> **DATA**
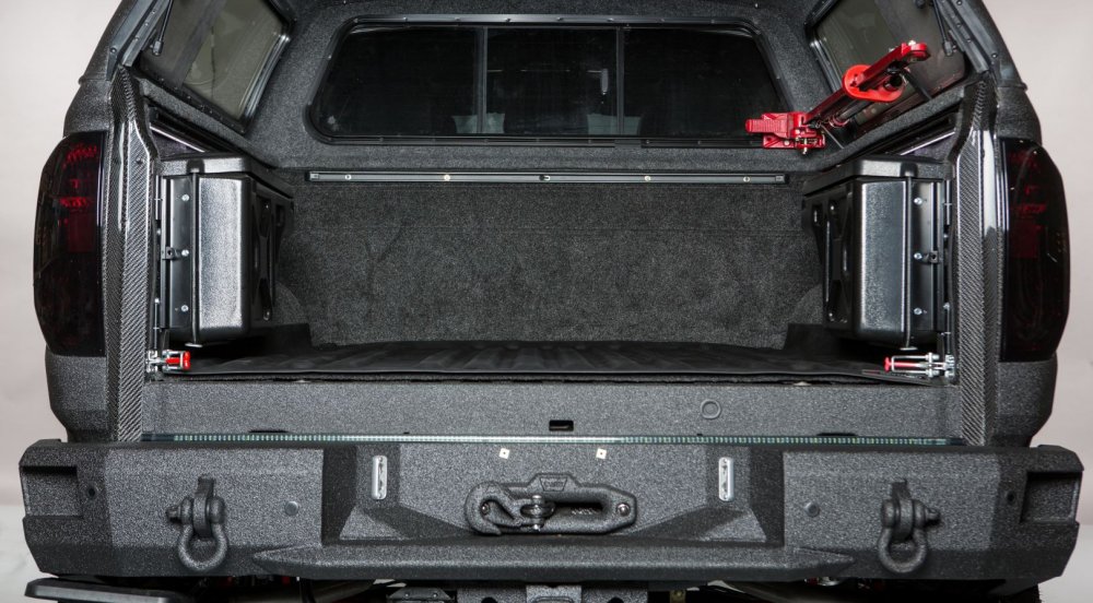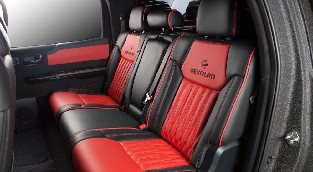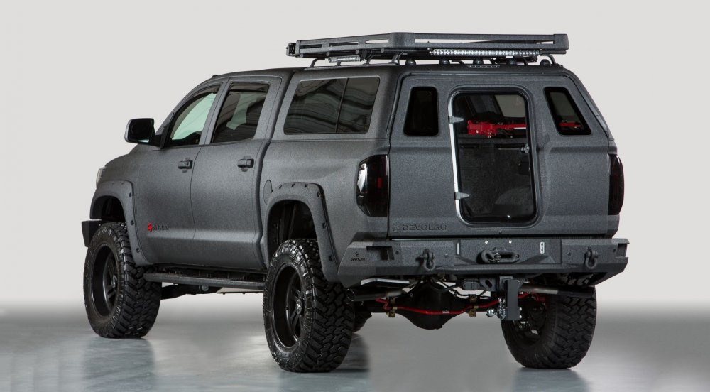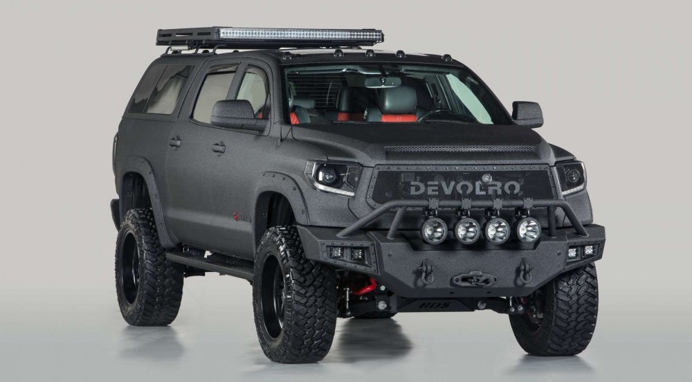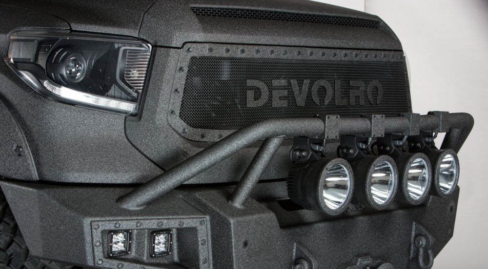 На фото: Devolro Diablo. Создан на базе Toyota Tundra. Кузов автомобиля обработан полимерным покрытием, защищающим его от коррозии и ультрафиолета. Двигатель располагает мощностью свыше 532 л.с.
...
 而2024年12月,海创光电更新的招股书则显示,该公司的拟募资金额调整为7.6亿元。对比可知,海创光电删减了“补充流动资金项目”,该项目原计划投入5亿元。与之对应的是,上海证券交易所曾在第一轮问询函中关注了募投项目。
==
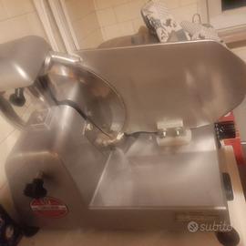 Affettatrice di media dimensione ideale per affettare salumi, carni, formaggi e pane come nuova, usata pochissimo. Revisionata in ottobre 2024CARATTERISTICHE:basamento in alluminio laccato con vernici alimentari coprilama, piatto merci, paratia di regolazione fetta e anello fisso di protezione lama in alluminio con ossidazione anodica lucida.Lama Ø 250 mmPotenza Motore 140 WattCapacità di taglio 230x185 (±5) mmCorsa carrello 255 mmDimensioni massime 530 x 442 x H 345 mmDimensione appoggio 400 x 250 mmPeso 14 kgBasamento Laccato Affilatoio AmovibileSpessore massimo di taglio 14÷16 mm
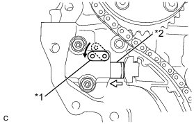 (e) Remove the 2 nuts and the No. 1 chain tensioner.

> **PROBLEM DESCRIPTION**
Leaving out all pictures, set down exactly the lines of the material above, from the line with "Affettatrice di media" to the line with "(e) Remove the" inclusive, and no others.

> **YOUR SOLUTION**
 Affettatrice di media dimensione ideale per affettare salumi, carni, formaggi e pane come nuova, usata pochissimo. Revisionata in ottobre 2024CARATTERISTICHE:basamento in alluminio laccato con vernici alimentari coprilama, piatto merci, paratia di regolazione fetta e anello fisso di protezione lama in alluminio con ossidazione anodica lucida.Lama Ø 250 mmPotenza Motore 140 WattCapacità di taglio 230x185 (±5) mmCorsa carrello 255 mmDimensioni massime 530 x 442 x H 345 mmDimensione appoggio 400 x 250 mmPeso 14 kgBasamento Laccato Affilatoio AmovibileSpessore massimo di taglio 14÷16 mm
 (e) Remove the 2 nuts and the No. 1 chain tensioner.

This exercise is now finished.